Sammut's business partner, Nic Warnock, enters, weaving through the categorised vinyl stacks and narrow aisles and the scattering of ten-minutes-before-close browsers. Laptop under arm and visibly flustered, he recalls his day of tech glitches - email attachments and corrupted zips and unopenable design files - to all in earshot, before settling on a stool behind the counter.
Some sixteen years Sammut's junior, Warnock sports shoulder-length locks, a paintbrush moustache and an assertive manner. He speaks in stream-of-consciousness stories, darting between recollections of scrappy Adelaide indie-rock weirdos, Lindsay Low Hand, and his teenage love of Wu-Tang Clan with an unfiltered, opinionated passion that's in stark contrast to Sammut's reserved, matter-of-fact manner, every sentence of the latter measured twice before commenced. They're an odd couple.
No surprise then that their paths only crossed through chance circumstances.
"I walked in and there were all these signifiers that this was a shop of interest to me," Warnock recalls of the first time he stepped foot in Repressed Records in 2004. The shop, at the time located in Penrith - a suburb 50 kilometres west of Sydney - immediately drew the then 17-year-old in with the "proto-punk, CBGBs scene and first-wave U.K. punk stuff on the walls."

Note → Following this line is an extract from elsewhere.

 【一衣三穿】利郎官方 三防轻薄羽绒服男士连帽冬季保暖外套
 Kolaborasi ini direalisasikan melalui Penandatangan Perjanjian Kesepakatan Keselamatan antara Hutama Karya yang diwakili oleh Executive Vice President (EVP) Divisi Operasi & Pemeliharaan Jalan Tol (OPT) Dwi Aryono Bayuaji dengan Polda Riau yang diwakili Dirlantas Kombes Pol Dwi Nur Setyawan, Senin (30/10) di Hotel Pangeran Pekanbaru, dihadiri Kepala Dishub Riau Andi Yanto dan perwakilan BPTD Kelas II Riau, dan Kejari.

Warnock had recently moved down from Cairns to study design at the University of Western Sydney's Penrith campus - sold by the school as being "maybe Parramatta distance from the city", he now jokes. Mindful of stretching the $1,600 he'd saved from working at Gloria Jeans during high-school as far as possible, he entered Repressed that day because he'd heard about their second-hand CD selection and was excited over the idea of picking up "Pere Ubu and Captain Beefheart for accessible amounts of money." He exited with a job.

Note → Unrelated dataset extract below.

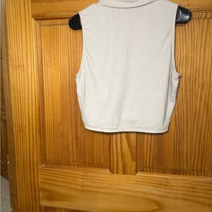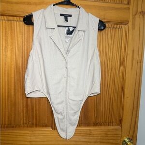 NWT Adorable forever 21 sleeveless collared Button down summer beige linen crop

Up until then, Sammut had worked at the shop by himself since it opened in 2000. While initially serving as a satellite outlet for Parramatta's Beatdisc Records, two years on Sammut took over the lease, "bought a whole lot of stock off [Beatdisc] and changed the name to Repressed Records and just made a logo out of clip art." Two years later, by the time Warnock started as a part-time employee, Sammut had begun the slow evolution away from simply sourcing second-stock from local suppliers, instead importing directly from overseas distributors and straight from smaller labels, as well as starting to focus more on "underground punk and metal stuff, which obviously has its selling point in the suburbs," as Warnock now recalls, explaining that, as a result, the shop started to earn a specific reputation amongst lifelong music fans ("lifers", as he affectionately labels them) both locally, and from far further afield.
"I know Lawrence [Hall] from Royal Headache was coming in. He didn't live in the area, but there was sometimes reasons for him to come out. There was always these 'sometimes reasons' for people", says Warnock. "We had a small customer base that were actually legitimately interested in music that wasn't visible in other places."

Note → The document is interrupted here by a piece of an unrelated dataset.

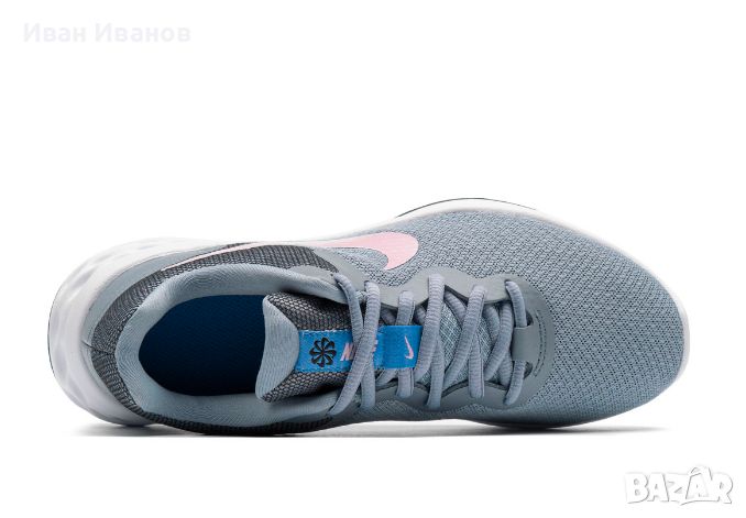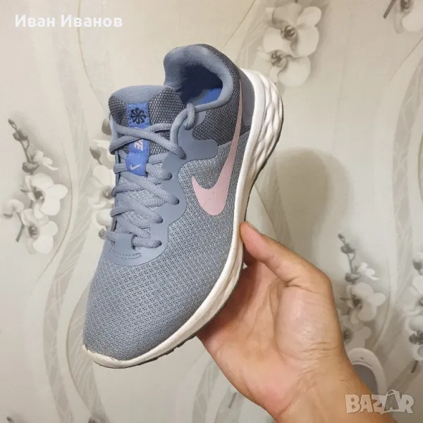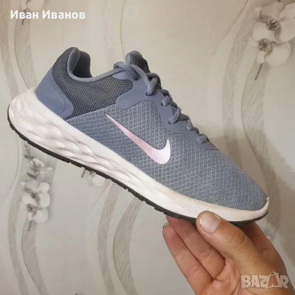 Nike Womens WMNS Revolution 6 . Малко използвани , с минимални следи , без забележки . Много леки , и удобни Страхотен модел за лятото . Направете революция в живота си с Nike Revolution 6 NN! Тази подобрена версия на модела ще Ви помогне да постигнете максимума в своята тренировка, като едновременно с това се грижите за природата.Nike Revolution 6 NN е част от сериятa Move to Zero. Тя е фокусирана върху грижата за природата, редуцирането на пластичните отпадъци и въглеродни емисии. Най-малко 20% от маратонките са изработени от рециклирани материали.Мекoто и тънко покритие е направено от висококачествена текстилна материя, която осигурява перфектно проветряване на крака. С Revolution 6 ще се чувствате страхотно дори и след продължително бягане.Допълнителните отвори позволяват да затягате връзките още по-прецизно и плътно.Маратонките са много леки, благодарение на специалната гума, от която е направена подметката. В същото време тя е обемна, за да абсорбира максимално напрежението от допира с повърхността.Стабилният грайфер създава отлично сцепление, което ще Ви изтласква напред с всяка крачка.Изработени с най-малко 20% тегловни рециклирани материали, старите материали намират ново начало. Сега можете да намерите своя. Задайте темпото в началото на своето бягащо пътуване с плюшеното усещане на Nike Revolution 6 Next Nature. Знаем, че комфортът е ключът към успешното бягане, затова се погрижихме стъпките ви да са омекотени и гъвкави за меко каране. Това е еволюция на любимите, с дишащ дизайн.Характеристика:Плюшена мрежа е поставена по протежение на яката за комфортно усещанеДопълнителните кожи навсякъде добавят издръжливостМеждинната подметка от пяна осигурява по-меко возене от Revolution 5Външната подметка има компютърно генериран дизайн, който създава естествен ефект на бутало, докато бягате, осигурявайки повече омекотяване и гъвкавостТе се комбинират за трайно сцеплениеТочките на допир на петата и езика създават естествено усещане, докато обувате и събувате обувките

But as loyal as their customers were, their patronage proved no match for discount super-chain giant, JB Hi-Fi, which opened an outlet nearby in 2007 in the recently renovated Westfield shopping mall. Coupled with a surge in music downloads, it seemed the fate of Repressed Records had been decided.
"People didn't come outside anymore," Sammut recalls, with a clearly frustrated tone. "You'd be standing there on a Saturday, there'd be three lads walking down the road, swearing their heads off, and a few old people buying their meat and groceries."
After a tough few years - fending off increasingly regular taunts from locals ('as if you'd have a record store?') - Sammut was ready to throw it all in. Nic, meanwhile, had finished up his University degree and was planning to migrate closer to the city, sparking the idea that they should give Repressed one last shot.
"It was good timing," explains Sammut of the drastic decision to move the shop fifty kilometres east to the inner-west suburb of Newtown in 2009. "I honestly thought - and convinced my wife - that, I just didn't think it was over. The initial thing that got me into [running a record store] was that I had nothing to lose. That's what made me want to keep it going."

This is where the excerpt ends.